« Allons, voilà qui est fait ! » dira le pragmatique. « Il est temps de se remettre au travail » dira le matérialiste. « Une de plus et rien de changé ! » dira le cynique. Les fêtes sont passées, l’année est à présent bien engagée et le retour au monde peut sembler difficile. Toutes ces réactions sont, de fait, bien compréhensibles à défaut d’être totalement légitimes. Nous venons de vivre un mois différent des autres. Malgré les circonstances actuelles, chargé de célébrations et surtout d’expériences spirituelles exaltantes, il a été comme un grand voyage. Et ce long parcours nous a, contre vents et marées, sortis de l’espèce de grisaille ouatée qui, trop souvent, finit par constituer le quotidien. Mais voici que tout cela s’efface peu à peu à l’horizon. Voici qu’au mois de Tichri succède celui, sans fêtes, de ‘Hechvan. Et ce brutal contraste crée une pesanteur presque inquiétante. « Tout ça pour ça ? » a-t-on envie de dire. Tout cet effort et toutes ces grandeurs pour revenir, par la force des choses, à la morosité ? Et si une autre voie était possible ?
Une ancienne coutume veut que, lorsque les fêtes s’achèvent, on proclame dans la synagogue le verset : « Et Jacob partit sur son chemin. » Cela en dit bien plus long qu’il n’apparaît. Jacob, notre ancêtre, le Juif emblématique, reprend son voyage dit-on. Il s’est arrêté un moment mais, conscient de la nécessité de le poursuivre, il a repris la longue route. Il sait qu’elle pourra être difficile, semée d’embûches mais qu’il lui faut l’emprunter. Car elle est LE chemin, et surtout le sien. C’est ainsi qu’au sortir des fêtes nous avançons. Après la pure joie du spirituel, quel que soit le visage de l’avenir, ce sont tous les chemins du monde qui s’ouvrent devant nous et il nous faut y revenir, les suivre car ils sont notre chemin. Par eux, nous élevons tout ce qui nous entoure. Par notre contact avec la matière, nous en faisons, au travers de la pratique des commandements de D.ieu, un lieu où la Divinité devient perceptible.

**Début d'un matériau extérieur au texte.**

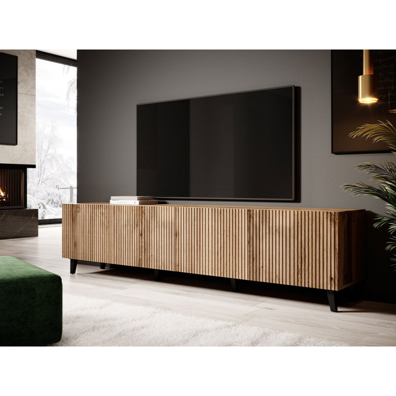 Ideální místo pro večerní odpočinek u oblíbeného seriálu nebo filmu by mělo být vybaveno víceúčelovým nábytkem. Právě takovou nabídkou je televizní skříňka Tilderi 200. Díky její velké ploše si můžete dovolit televizor na míru pro vaše domácí kino. Interiér tohoto modelu navíc nabízí dostatek úložného prostoru.

Alors, tel Jacob, nous pouvons nous interroger : d’où prendre une telle force ? Qui nous donnera l’assurance indispensable au voyage, la patience et la sûreté pour le vivre ? A Jacob, D.ieu dit : « N’aie pas peur Jacob, Mon serviteur ». Et cette phrase chante à nos oreilles. Certes, le monde a de quoi impressionner. Certes, nous y voyons, et parfois y vivons, des événements qui vont de l’incompréhensible à l’inacceptable. Pourtant, nous ne connaissons pas la peur. Nous avançons sur notre chemin, pénétrés de la force donnée par les fêtes de Tichri, toujours en nous, à notre portée dès que nous le souhaitons. Nous n’avons pas peur et ce courage seul est, en soi, un signe de victoire. Le monde est grand, le quotidien puissant mais nous savons que l’un et l’autre ne demandent qu’à être illuminés. L’année a commencé ; l vie est en nous et la Délivrance à notre porte.